Ainsi décidé par la Cour de cassation, chambre sociale, et prononcé par le président en son audience publique du vingt-six octobre deux mille dix-sept. MOYEN ANNEXE à la présente décision

Moyen produit par Me B..., avocat aux Conseils, pour la fédération aide à domicile en milieu rural de la Haute-Corse

Il est reproché à l'arrêt infirmatif attaqué d'avoir dit que le licenciement de Mme Y..., épouse Z..., était sans cause réelle et sérieuse et d'avoir en conséquence condamné l'ADMR à lui payer les sommes de 3.838 € à titre d'indemnité de licenciement, de 12.000 € à titre d'indemnité pour licenciement sans cause réelle et sérieuse et de 1.500 € au titre de l'article 700 du code de procédure civile ;

AUX MOTIFS QUE Mme Y... a été licenciée par lettre du 4 décembre 2012 dont la teneur en ce qui concerne le licenciement est la suivante : « Nous avons pu évoquer, avec vous, un certain nombre de faits.
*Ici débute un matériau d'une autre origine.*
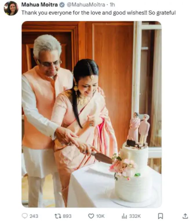 मुंबई, 06 अगस्त, (न्यूज़ हेल्पलाइन)। टीएमसी सांसद महुआ मोइत्रा और पूर्व बीजेडी सांसद पिनाकी मिश्रा का वेडिंग रिसेप्शन मंगलवार को नई दिल्ली के होटल ललित में आयोजित किया गया जिसमें देशभर से कई बड़े राजनीतिक चेहरों ने शिरकत की। इस खास मौके पर कांग्रेस की वरिष्ठ नेता सोनिया गांधी, समाजवादी पार्टी के प्रमुख अखिलेश यादव, तेलंगाना के मुख्यमंत्री रेवंत रेड्डी और पंजाब के मुख्यमंत्री भगवंत मान जैसे नेता भी मौजूद रहे। सोनिया गांधी कार्यक्रम के दौरान राज्यसभा सांसद रंजीत रंजन और अन्य मेहमानों के साथ डिनर टेबल पर नजर आईं। महुआ मोइत्रा इस मौके पर लाल रंग की साड़ी और पारंपरिक गोल्ड ज्वेलरी में नजर आईं, जबकि पिनाकी मिश्रा ने सफेद पारंपरिक पोशाक पहनी थी जिसमें लाल बॉर्डर था। दोनों ने इस साल 3 मई को जर्मनी में विवाह किया था। 50 वर्षीय महुआ मोइत्रा पश्चिम बंगाल के कृष्णानगर से दो बार की सांसद हैं, वहीं 65 वर्षीय पिनाकी मिश्रा ओडिशा के पुरी से पूर्व सांसद हैं और सुप्रीम कोर्ट के वरिष्ठ वकील भी हैं। पिनाकी मिश्रा को 2024 के लोकसभा चुनाव में पुरी सीट से भाजपा के प्रवक्ता संबित पात्रा ने हराया था।

Nous rappelons dans un premier temps, les missions dévolues à l'animateur de développement. Ce salarié doit soutenir les associations locales dans les différents aspects de leur fonctionnement, il participe à leur restructuration, il aide à l'animation et au développement du secteur, il a un rôle d'intermédiaire en assurant la continuité d'action entre la Fédération et les associations locales. De manière globale, il impulse un axe de travail au travers des réunions de secteur auprès des salariés administratifs d'une part et des bénévoles d'autre part. Il transmet les enjeux politiques, économiques et sociaux, les orientations politiques auprès du réseau. Par ailleurs, il assure un rôle de coordination et d'organisation des moyens humains afin d'atteindre les objectifs définis avec le responsable de service. Dans cette démarche, il pourra intégrer l'assistant technique. Enfin, il doit rendre compte de son activité directement au responsable de service. Nous précisons que depuis 2008, nous avons régulièrement constaté, à votre encontre des manquements professionnels. Ainsi, le compte-rendu du bilan de l'année 2008, fait état de plusieurs points négatifs : mauvaise connaissance du fonctionnement du réseau, vision étroite de la politique ADMR, difficultés de positionnement sur l'antenne de Bastia. Egalement, dans votre rapport annuel du 31/12/2009, vous énoncez vos propres écarts, à savoir que vous deviez travailler urgemment sur le suivi et l'encadrement des salariés d'intervention de l'antenne de Bastia et qu'il en était de même sur le suivi des outils liés à démarche qualité. Nous verrons qu'au fil des années, vous n'avez pas réussi à atteindre vos objectifs. Au cours de l'année 2010, plusieurs dysfonctionnements ont été relevés. Les thèmes récurrents sont la démarche qualité, l'organisation du travail, la procédure liée aux congés payés sur l'association ADMR de Bastia, les remontées d'information, le service portage de repas. Sur la démarche qualité, plusieurs entretiens (entretiens des 21/01/2010, 29/01/2010, 10/03/2010, 06/04/2010) relèvent les points suivants. Les documents contractuels (devis, contrat de prestation client), le contenu des cahiers des 1er contacts, de réclamation, de remontées d'informations ne sont pas suivis et ne sont pas conformes.